Жозефина подошла к нему сзади и провела пальцами по шрамам на спине.
— Что будет завтра?
Шарп повернулся и посмотрел на нее сверху вниз.
— Их расстреляют.
— Так быстро?
—Да.
Ей не нужно было знать о том, что иногда солдаты промахиваются и офицерам приходится подходить и добивать преступников контрольным выстрелом. Шарп притянул Жозефину к себе, вдыхая аромат ее волос. Она положила голову ему на грудь, а ее пальцы продолжали осторожно поглаживать шрамы.
— Мне страшно, — тихо проговорила она.
— Ты их боишься?
—Да.
Гиббонс и Берри были в казарме, когда он привел дезертиров. Сэр Генри тоже оказался там и принялся радостно потирать руки, довольный тем, что беглецов удалось поймать, он даже многословно поблагодарил Шарпа, словно на время забыл о своей неприязни. Военно-полевой суд являлся простой формальностью, уже через несколько минут бумаги были подготовлены и отправлены на подпись генералу. Судьба четырех дезертиров решилась.
Шарп провел в комнате с двумя лейтенантами несколько минут, они тихонько переговаривались и время от времени принимались хихикать, поглядывал на него в надежде вызвать гнев, но уж слишком неподходящим был момент.
Шарп повернул лицо Жозефины так, чтобы видеть ее глаза.
— А если бы их здесь не было, ты бы во мне нуждалась?
Она кивнула.
— Ты все еще не понимаешь. Я — замужняя женщина — осмелилась на побег!.. О, я знаю, он поступил гораздо хуже, но это не имеет никакого значения. В тот самый день, когда у меня хватило смелости покинуть дом родителей Дуарте, я осталась одна. Неужели тебе не ясно? Мне нельзя туда вернуться, мои родители никогда не простят свою дочь. Я думала, в Мадриде... — Жозефина замолчала.

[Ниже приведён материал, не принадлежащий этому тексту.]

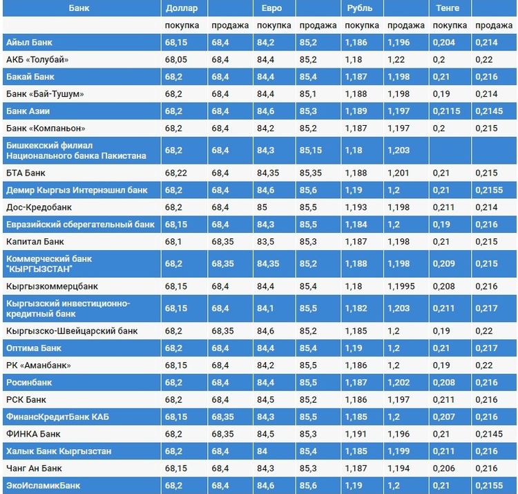 Валюталардын коммерциялык банктардагы наркы.

— Кристиан Гиббонс обещал, что присмотрит за тобой в Мадриде?
Жозефина кивнула.
— Многие девушки туда отправились, ты же знаешь. Там так много офицеров. Но сейчас... — Она снова замолчала.
Он знал, о чем она думает.
— Теперь ты встревожилась. До Мадрида не добраться, ты осталась с человеком, у которого нет денег, и думаешь о ночах, которые придется провести в полях или в маленьких домиках, кишащих вшами.
Жозефина улыбнулась, и Шарп почувствовал, как у него сжимается сердце.
— Когда-нибудь, Ричард, ты получишь чин полковника, станешь обладателем великолепного коня и кучи денег, а капитаны и лейтенанты будут трепетать при одном упоминании твоего имени.
Он рассмеялся.
— Но ты не хочешь ждать? — Шарп знал, что говорит правду, только от этой правды никому из них не становилось легче.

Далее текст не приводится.